Aim of the task - Produce a word-for-word copy of the listing below without its pictures.

Exercise data -
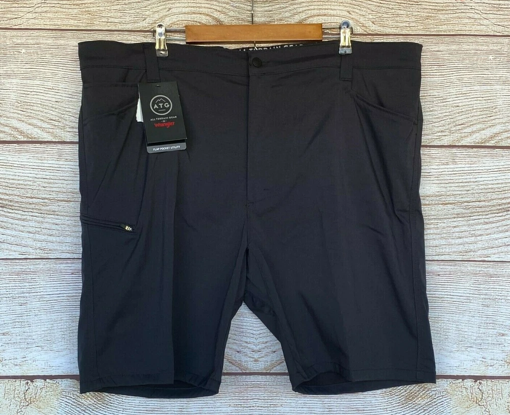 Approximate Measurements: Waist: 45-49" Stretched Rise: 13" Inseam: 9.5" About Wrangler Utility Shorts (For Men) Dive into any adventure with confidence in Wrangler's utility shorts, crafted from moisture-wicking stretch canvas construction with water-resistant properties to ensure you stay dry and comfortable. Moisture-wicking stretch canvas construction Water-resistant properties Comfort soft waistband Zip fly with button closure Gusseted crotch Convertible back pocket with tuck-in flap Secure side zip pocket Made in Bangladesh ShipSaver
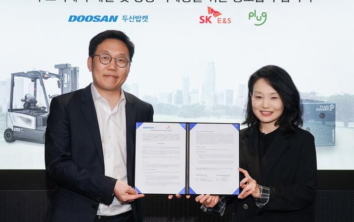 두산밥캣이 국내에서 수소 연료전지 기반의 소형장비 개발에 착수하면서 친환경 사업 분야 확장에 나선다. 두산밥캣은 경기도 성남시 분당두산타워에서 SK E&S·미국 플러그(구 플러그파워)의 합작법인과 수소 지게차 개발 상호 협력을 위한 양해각서(MOU)를 체결했다고
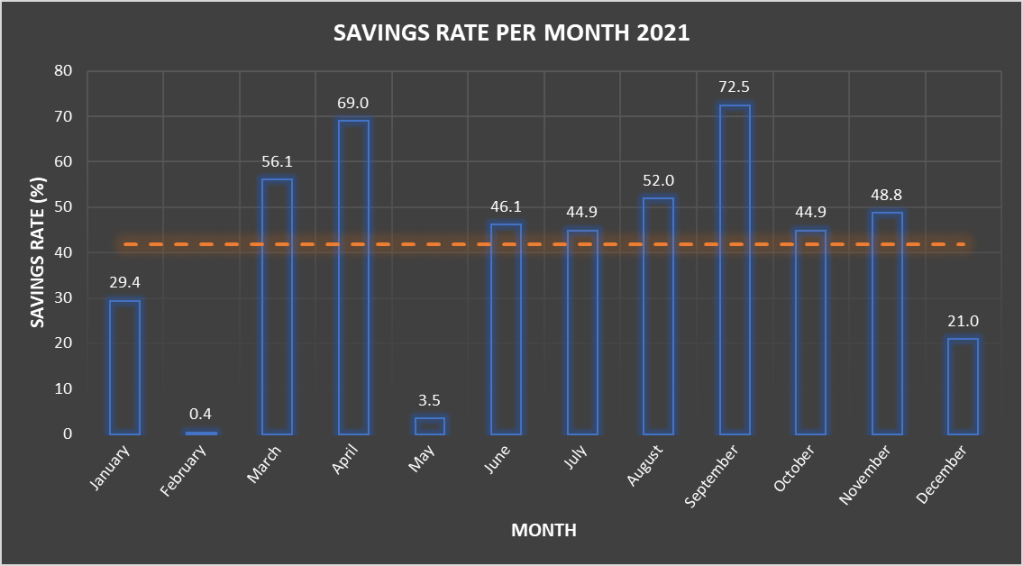 - Yearly savings rate was 41.8%! I’m really happy and excited to see that my savings rate was still so high even after all my spending.

Response -
 Approximate Measurements: Waist: 45-49" Stretched Rise: 13" Inseam: 9.5" About Wrangler Utility Shorts (For Men) Dive into any adventure with confidence in Wrangler's utility shorts, crafted from moisture-wicking stretch canvas construction with water-resistant properties to ensure you stay dry and comfortable. Moisture-wicking stretch canvas construction Water-resistant properties Comfort soft waistband Zip fly with button closure Gusseted crotch Convertible back pocket with tuck-in flap Secure side zip pocket Made in Bangladesh ShipSaver
 두산밥캣이 국내에서 수소 연료전지 기반의 소형장비 개발에 착수하면서 친환경 사업 분야 확장에 나선다. 두산밥캣은 경기도 성남시 분당두산타워에서 SK E&S·미국 플러그(구 플러그파워)의 합작법인과 수소 지게차 개발 상호 협력을 위한 양해각서(MOU)를 체결했다고
 - Yearly savings rate was 41.8%! I’m really happy and excited to see that my savings rate was still so high even after all my spending.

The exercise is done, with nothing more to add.